One example is to count customers who place an order for at least three days consecutively in each month.
SQL

WITH a AS(
    SELECT count (1) AS num, day (OrderDate) days,
        CustomerID,year(OrderDate) Years,month(OrderDate) Months
    FROM Orders
    WHERE OrderDate>='2022-01-01'
    GROUP BY CustomerID, day (OrderDate), year(OrderDate),month(OrderDate)), 
b AS (
    SELECT
        lag(days,1) OVER(PARTITION BY CustomerID, Years,Months ORDER BY days) pd, 
        days, CustomerID,Years,Months
    FROM a),
c AS (
    SELECT *,
        CASE WHEN days-pd=1 THEN 0 ELSE 1 END AS tmp 
    FROM b),
d AS (
    SELECT CustomerID,Years,Months,sum (tmp) OVER (
        PARTITION BY CustomerID,Years,Months ORDER BY days) NoOrderDays
    FROM c),
e AS (
    SELECT CustomerID, Years,Months,NoOrderDays,count (*) ContinuousDays 
    FROM d 
    GROUP BY CustomerID,Years,Months,NoOrderDays),
f AS (
    SELECT CustomerID,Years,Months,max (ContinuousDays) mCon 
    FROM e 
    GROUP BY CustomerID,Years,Months 
    HAVING max (ContinuousDays)>=3)
SELECT Years,Months,count (*) 
FROM f 
GROUP BY Years,Months

SPL

A
1 >st=date(“2022-01-01”),start=days@o(st)
2 =file(“Orders_Account.ctx”).open().cursor@x(CustomerID,OrderDate;OrderDate>=start)
3 =A2.group(CustomerID,month@y(OrderDate))
4 =A3.(~.select@1((a=case(OrderDate-OrderDate[-1],0:a,1:a+1;1))==3))
5 =A4.groups(year(OrderDate):Years,month(OrderDate):Months; count(1))

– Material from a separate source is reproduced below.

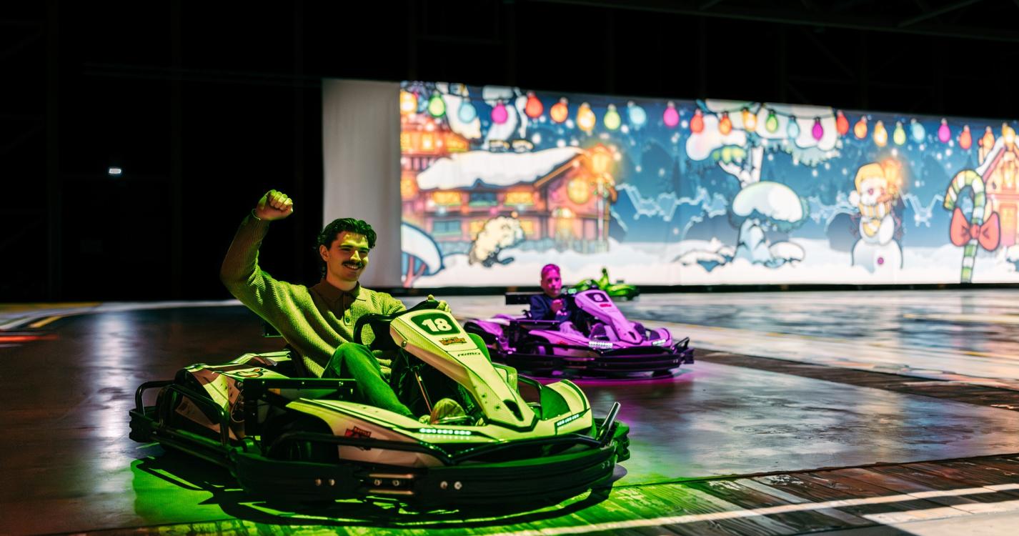 Het is karten, want je rijdt in een echte elektrische kart en krijgt een puur gevoel van snelheid. Een leuk extraatje is dat de karts uitgerust zijn met slimme technologie. Je hoeft dus geen helm te dragen. Zo ondervind je de snelheid aan den lijve, met je haren in de wind!

A3 Fetch order records of each customer in each month in order as a set.
A4 On each grouped subset, find whether there are customers who place an order for three days continuously.
A5 As A4 returns data that is already ordered by CustomerID, we just perform count to achieve the count distinct.